*MATERIAL PROVIDED*.
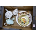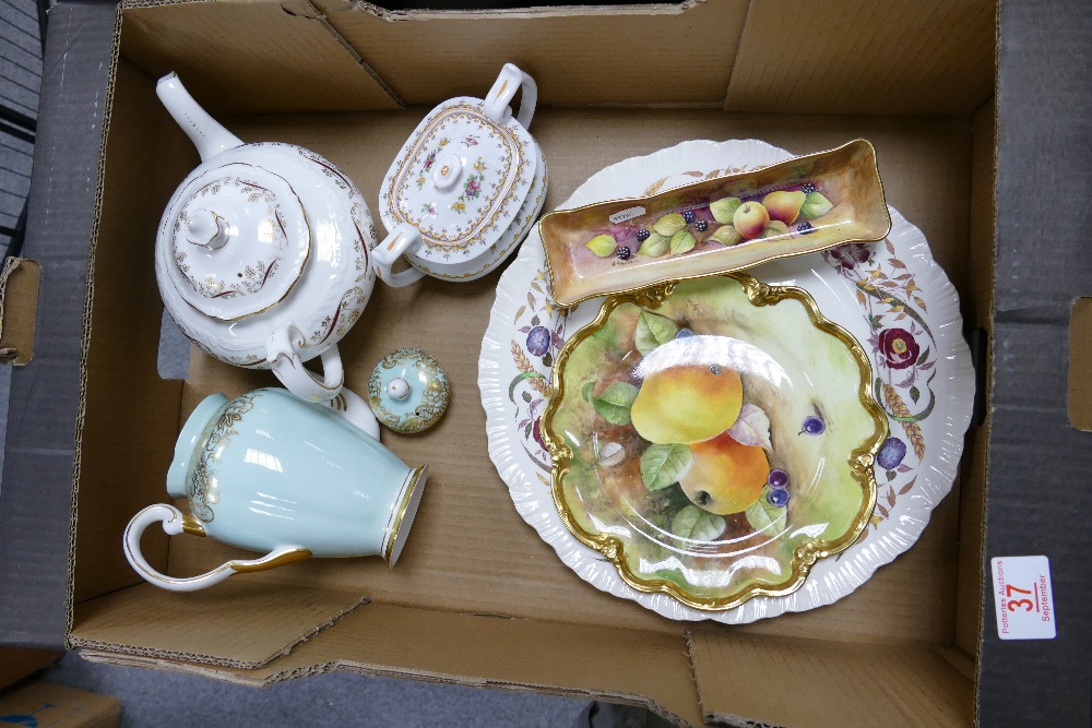 A mixed collection of item to include: Wedgwood Cornflower Patterned Platter, Hand decorated Coalport plates, Spode Pepflow & Burgundy patterned items together with Tuscan China Teapot
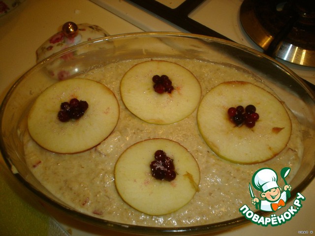 Выложить нашу смесь в форму,положить сверху яблочные кружки.А дырочки в кружках я заполнила брусникой.
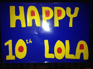 Poor Lola was forced to have a tenth birthday party last night. Her idea of a celebration would just be lying on her bed with a big piece of meat. But my idea of a celebration is a little different, lots of people, food, drinks, dancing.. And to be honest I think Lola enjoyed herself, she certainly liked her presents and seemed pretty excited about the cake. I was happy to be hostess again, as it seems like ages since I have had people over. Unfortunately, I think my food was pretty awful, forgot a key ingredient in my lasagna but people were polite and ate it anyways!
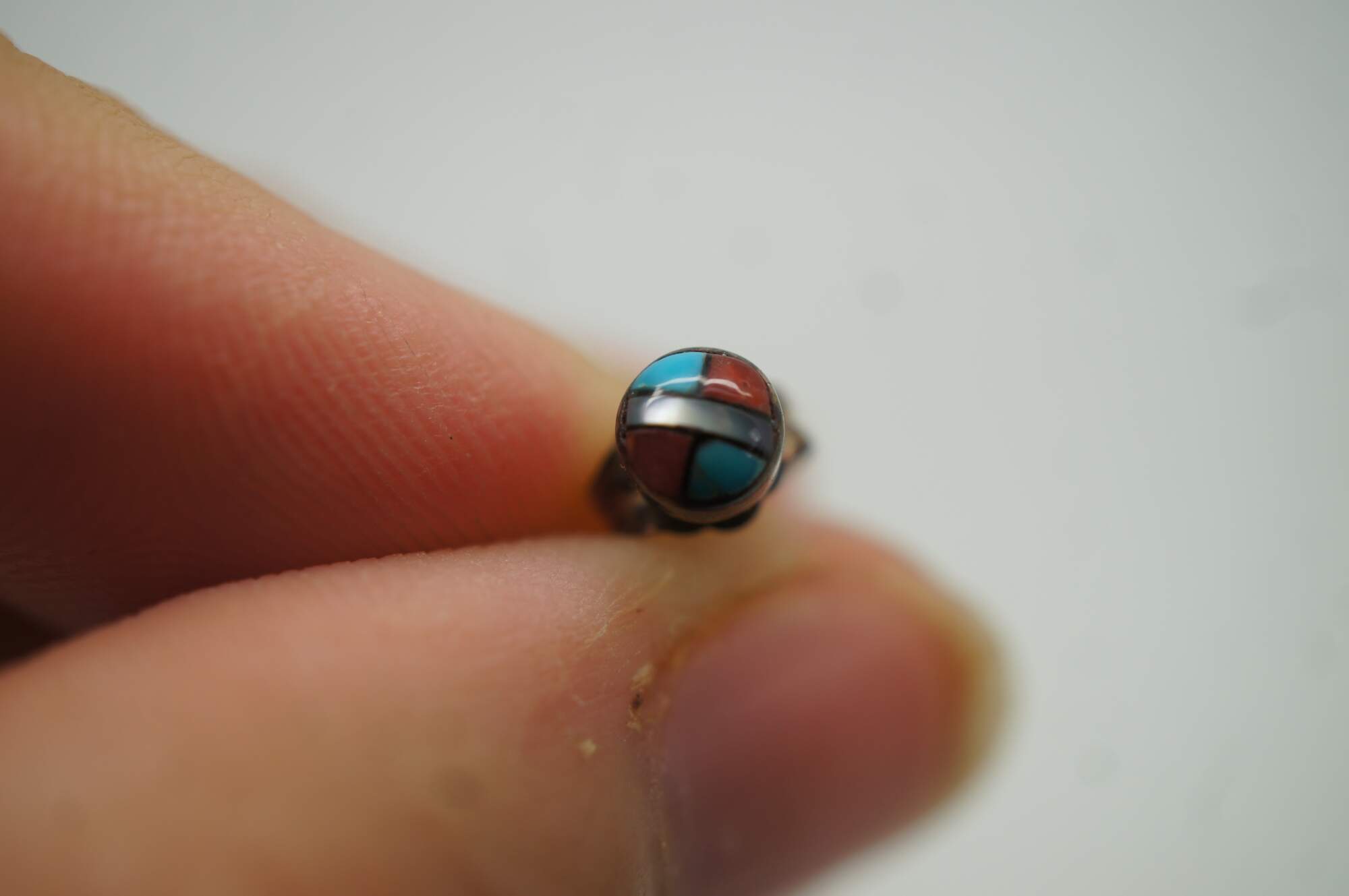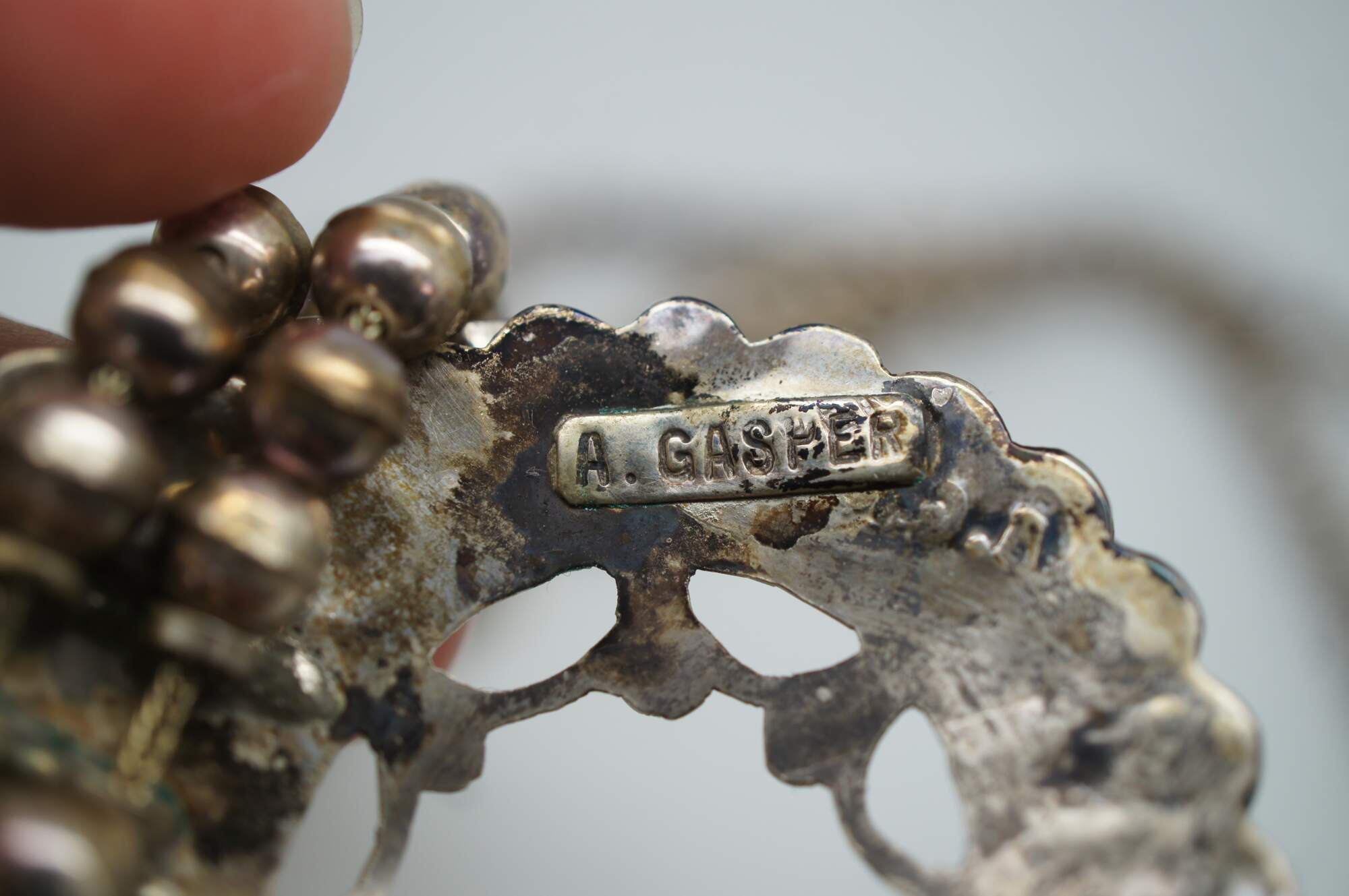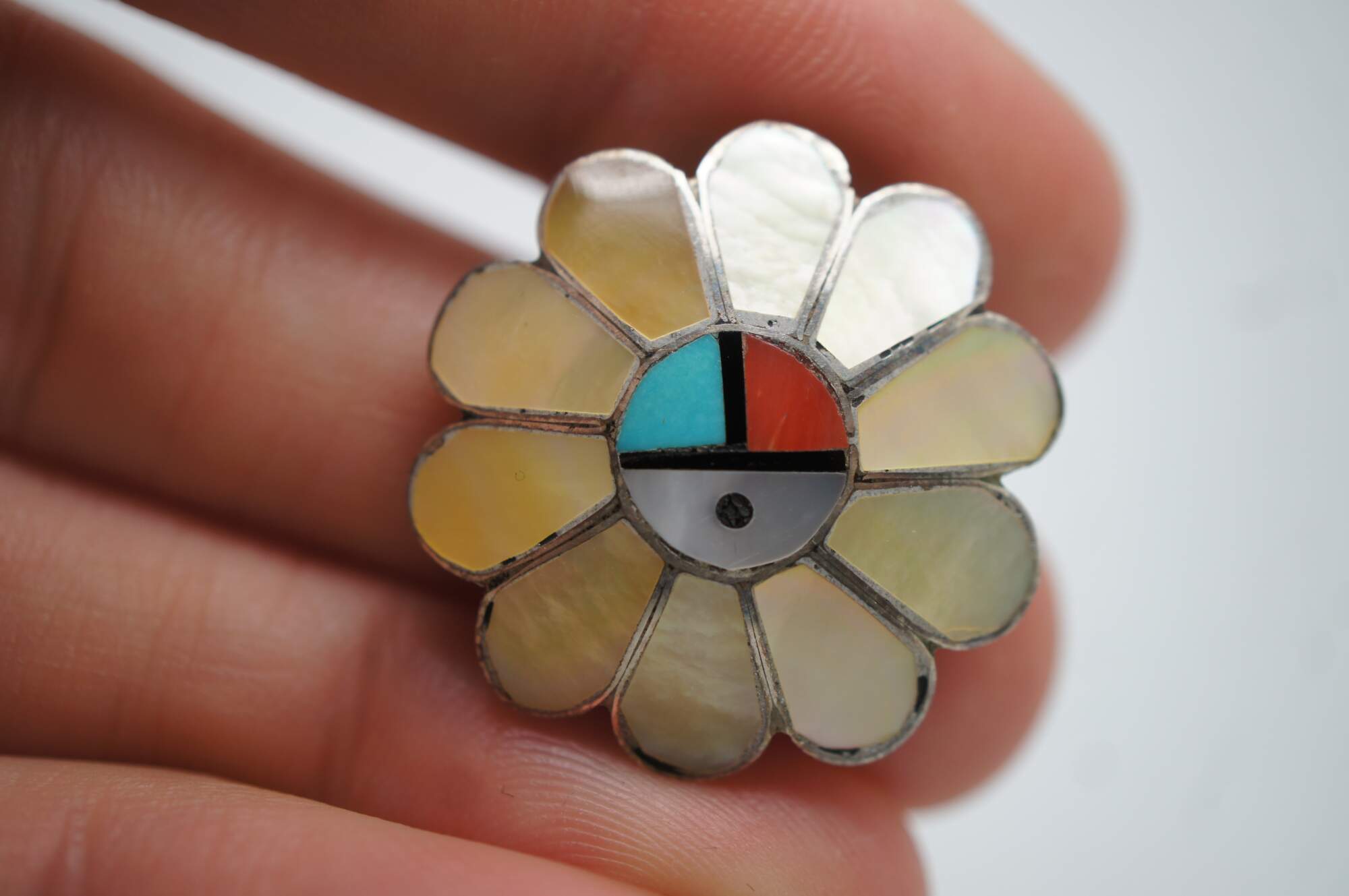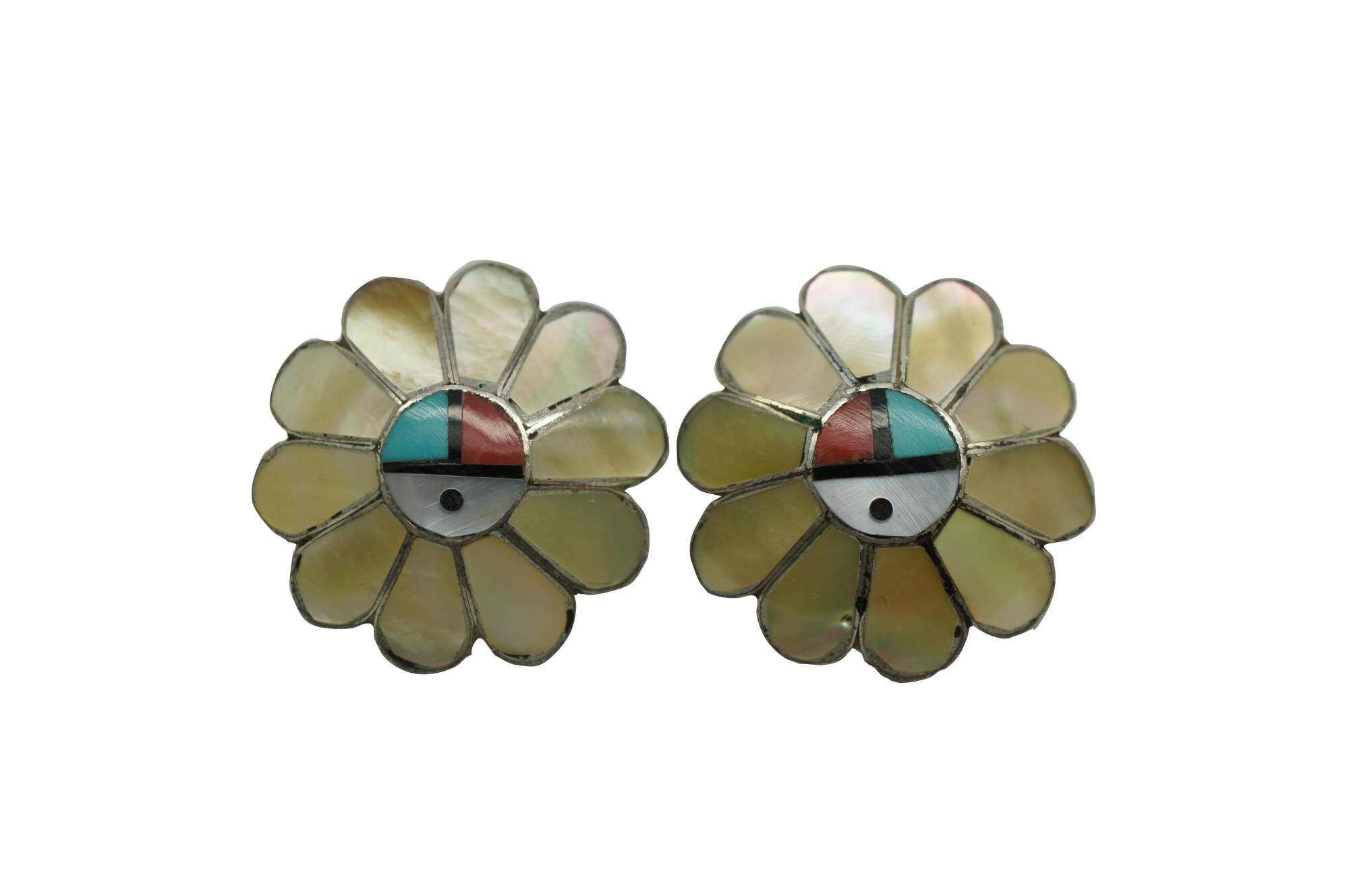 Handmade by one of the most famous Zuni Native American jewelry artists, Ashberry Gasper. This impressive jewelry set features a beaded sterling silver squash blossom / sunface theme with beautifully inlaid semi precious gemstones including Abalone, Red Coral, Mother of Pearl, Turquoise, and Onyx. Purchased in Gallup New Mexico, circa 1960s-1970s.

*WORK REQUEST*.
Starting with the line that contains "Poor Lola was", repeat each line exactly until the listing ends, including the last one. Leave pictures out.

*YOUR RESPONSE*.
 Poor Lola was forced to have a tenth birthday party last night. Her idea of a celebration would just be lying on her bed with a big piece of meat. But my idea of a celebration is a little different, lots of people, food, drinks, dancing.. And to be honest I think Lola enjoyed herself, she certainly liked her presents and seemed pretty excited about the cake. I was happy to be hostess again, as it seems like ages since I have had people over. Unfortunately, I think my food was pretty awful, forgot a key ingredient in my lasagna but people were polite and ate it anyways!
 Handmade by one of the most famous Zuni Native American jewelry artists, Ashberry Gasper. This impressive jewelry set features a beaded sterling silver squash blossom / sunface theme with beautifully inlaid semi precious gemstones including Abalone, Red Coral, Mother of Pearl, Turquoise, and Onyx. Purchased in Gallup New Mexico, circa 1960s-1970s.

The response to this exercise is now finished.